▶ [Your assignment]: In the entries below, find the line with "在同学们搬至金凤校区之后,李" and the line with "There are 5"; copy them and every line between them exactly, but not the pictures.

▶ [Source data]:
+ + + + + + +

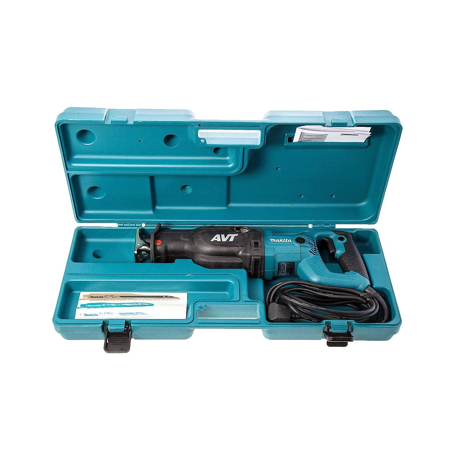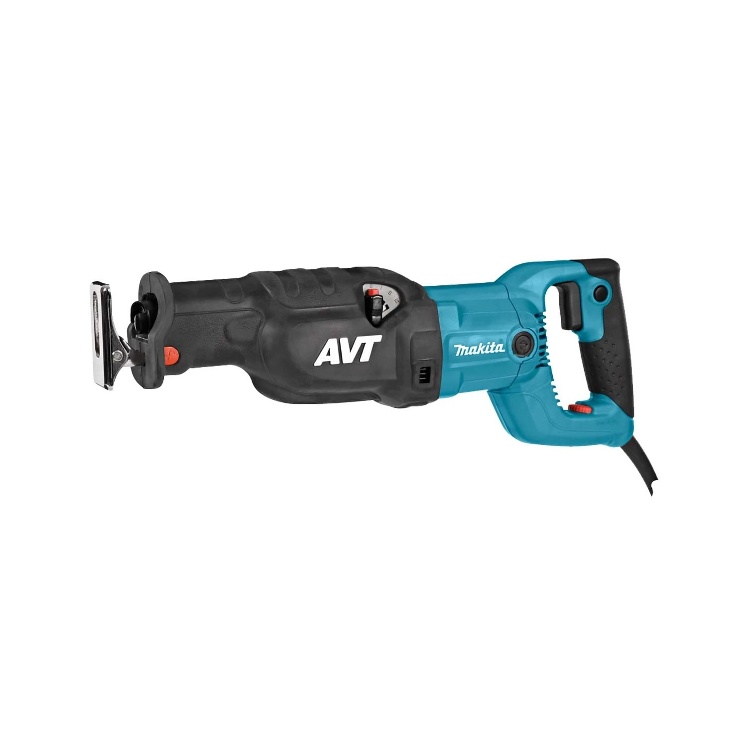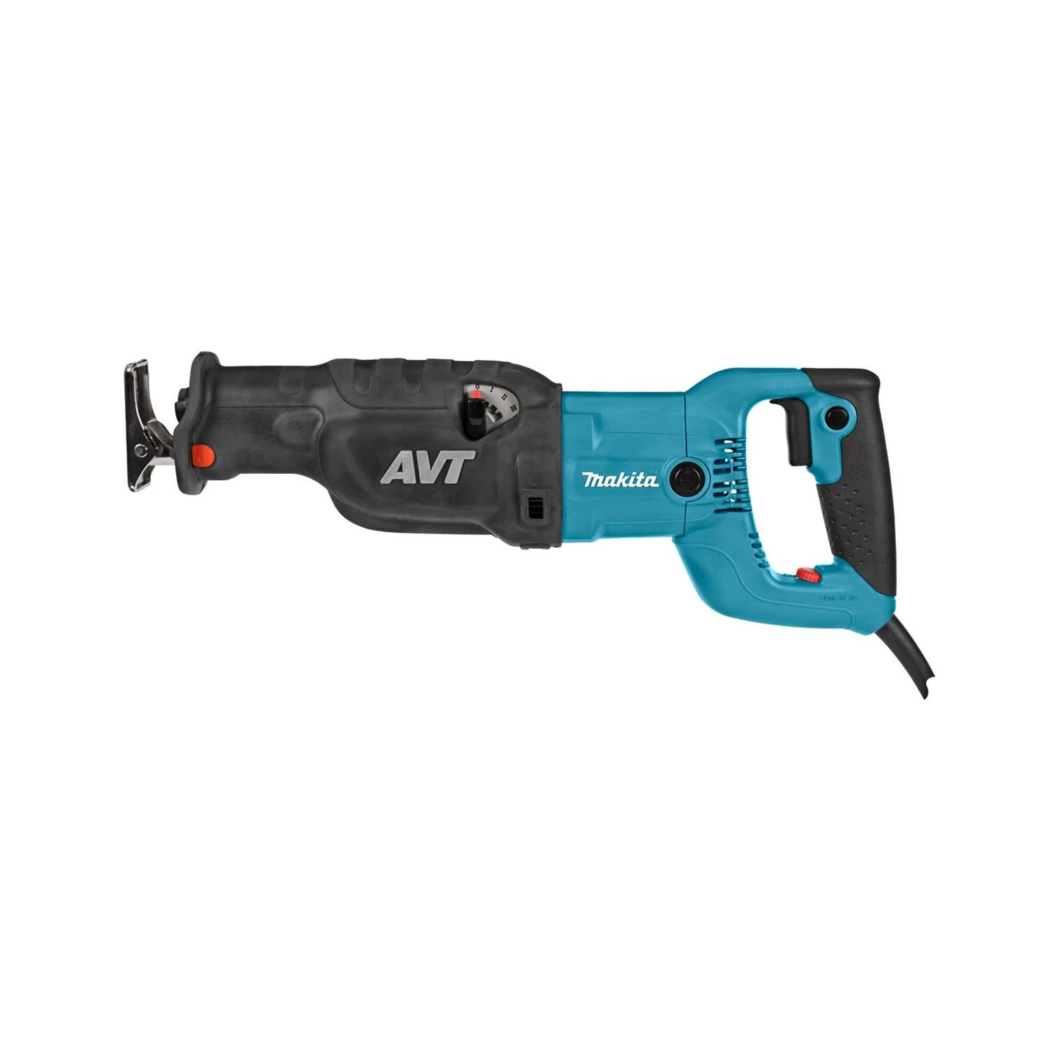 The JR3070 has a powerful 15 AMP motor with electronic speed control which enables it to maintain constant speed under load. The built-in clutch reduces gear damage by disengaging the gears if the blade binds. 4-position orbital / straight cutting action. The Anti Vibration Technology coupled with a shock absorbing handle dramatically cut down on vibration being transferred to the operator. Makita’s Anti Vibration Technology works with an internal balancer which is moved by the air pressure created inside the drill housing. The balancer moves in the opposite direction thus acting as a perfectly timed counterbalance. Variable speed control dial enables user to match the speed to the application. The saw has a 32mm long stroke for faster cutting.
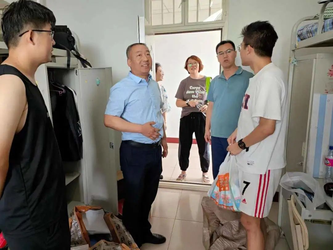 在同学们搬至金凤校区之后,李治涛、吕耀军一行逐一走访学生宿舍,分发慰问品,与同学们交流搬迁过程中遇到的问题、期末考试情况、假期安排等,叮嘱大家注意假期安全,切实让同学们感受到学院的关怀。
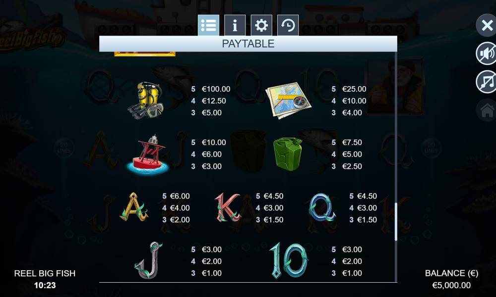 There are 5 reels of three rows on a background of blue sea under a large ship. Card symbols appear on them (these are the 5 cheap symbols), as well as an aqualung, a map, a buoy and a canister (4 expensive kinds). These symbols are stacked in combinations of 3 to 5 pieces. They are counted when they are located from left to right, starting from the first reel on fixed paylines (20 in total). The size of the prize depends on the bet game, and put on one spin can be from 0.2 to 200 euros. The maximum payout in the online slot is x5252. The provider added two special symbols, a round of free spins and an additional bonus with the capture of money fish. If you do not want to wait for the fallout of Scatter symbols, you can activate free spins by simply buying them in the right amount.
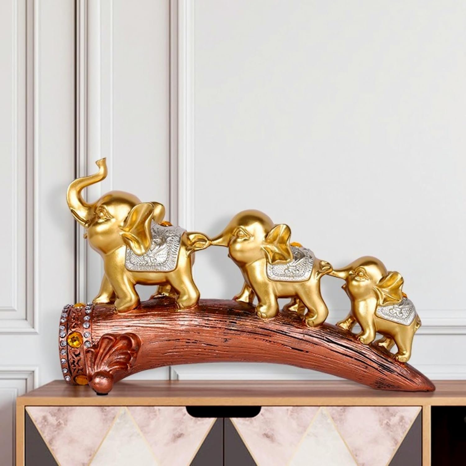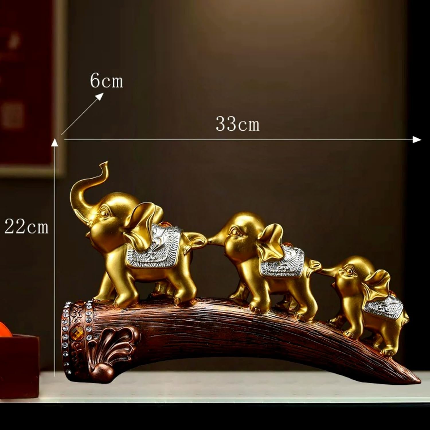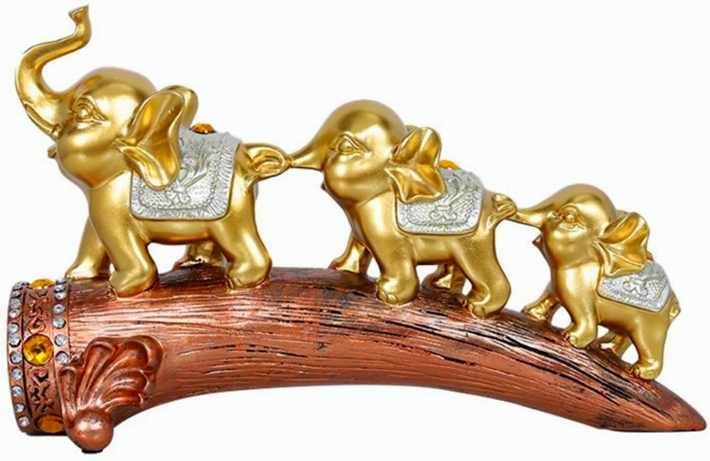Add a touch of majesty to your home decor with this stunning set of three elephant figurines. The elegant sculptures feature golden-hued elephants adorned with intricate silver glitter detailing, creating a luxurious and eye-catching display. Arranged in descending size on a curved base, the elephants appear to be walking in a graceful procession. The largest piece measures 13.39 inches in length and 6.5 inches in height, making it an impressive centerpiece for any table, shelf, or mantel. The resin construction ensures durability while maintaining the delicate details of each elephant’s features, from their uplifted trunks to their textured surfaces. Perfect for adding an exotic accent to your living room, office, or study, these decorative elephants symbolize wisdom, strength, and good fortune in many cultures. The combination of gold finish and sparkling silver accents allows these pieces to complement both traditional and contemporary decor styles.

+ + + + + + +

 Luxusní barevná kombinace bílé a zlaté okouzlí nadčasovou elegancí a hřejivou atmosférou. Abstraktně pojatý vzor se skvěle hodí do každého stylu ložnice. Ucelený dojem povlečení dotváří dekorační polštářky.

+ + + + + + +

▶ [Exercise solution]:
 在同学们搬至金凤校区之后,李治涛、吕耀军一行逐一走访学生宿舍,分发慰问品,与同学们交流搬迁过程中遇到的问题、期末考试情况、假期安排等,叮嘱大家注意假期安全,切实让同学们感受到学院的关怀。
 There are 5 reels of three rows on a background of blue sea under a large ship. Card symbols appear on them (these are the 5 cheap symbols), as well as an aqualung, a map, a buoy and a canister (4 expensive kinds). These symbols are stacked in combinations of 3 to 5 pieces. They are counted when they are located from left to right, starting from the first reel on fixed paylines (20 in total). The size of the prize depends on the bet game, and put on one spin can be from 0.2 to 200 euros. The maximum payout in the online slot is x5252. The provider added two special symbols, a round of free spins and an additional bonus with the capture of money fish. If you do not want to wait for the fallout of Scatter symbols, you can activate free spins by simply buying them in the right amount.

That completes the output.